Liebe Megan Rapinoe!

Ich gebe zu, ich habe mich nie für Frauenfußball interessiert. Weiß der Teufel warum. Gerade als Sportjournalistin wollte ich nicht nur aus reinem Pflichtgefühl über meine kickenden Geschlechtsgenossinen schreiben. Aus diesem Grund habe ich bis vor kurzem auch nicht die Weltmeisterschaft in Frankreich verfolgt. Am Laufenden gehalten haben mich nur meine Kollegen und mein Vater.
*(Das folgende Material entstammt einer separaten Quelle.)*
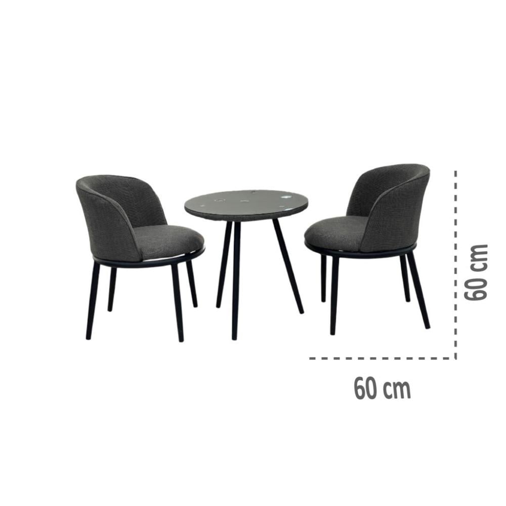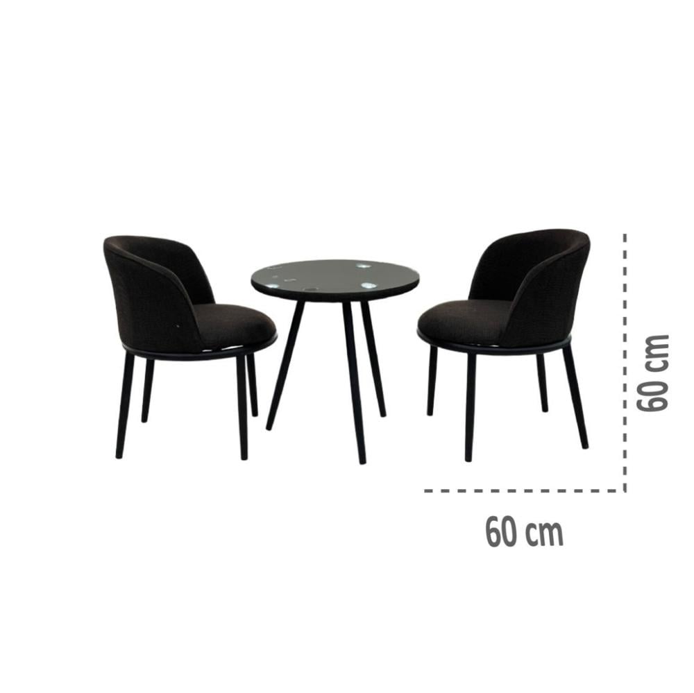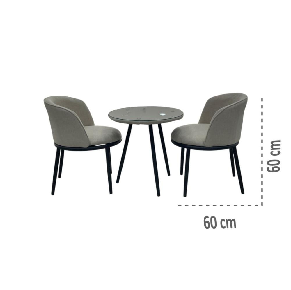 - المحتوى: طاولة مودرن متوسطة الحجم مع كرسيين مريحين بنفس الطابع

Mein Vater ist auch schuld daran, dass ich mir plötzlich doch die letzten Matches angeschaut habe und heute das Finale verfolgen werde. Als ich ihn letztes Wochenende besucht habe, ist es passiert. Weißt du, wann der Funke übergesprungen ist? In der fünften Minute des Viertelfinales USA vs. Frankreich. Du stehst beim ruhenden Ball, hebst den linken Arm, läufst an, ziehst ab: Tor! Irgendwie hüpft der Ball feinjustiert an allen Beinen, Hüften und den Händen der Torfrau vorbei. Dieser Freistoß, dieser Jubel, das 1:0 gegen den Gastgeber. Das hat auch mich gepackt!

Eigentlich ist es kein besonders schönes Tor. Es hat mich aber an die Freude erinnert, die ich einst empfunden habe, wenn mir ein Treffer gelungen ist. Das war aber nie für eine Nationalmannschaft, nie vor so vielen Zuschauern und nicht annähernd auf diese Art und Weise. Ab diesem Zeitpunkt habe ich auf dich geachtet. Schnell habe ich gesehen, wie du das Spiel deiner Mannschaft prägst. Du bist das Herz dieses US-Teams: Leitwölfin und Spielmacherin. Von solchen Spielern lebt der Fußball. Bei den Männern gab es Beckenbauer, Maradona, Pelé. Leader of the pack eben. Bei den Frauen gibt es (noch) kaum Referenz in dieser Größenordnung.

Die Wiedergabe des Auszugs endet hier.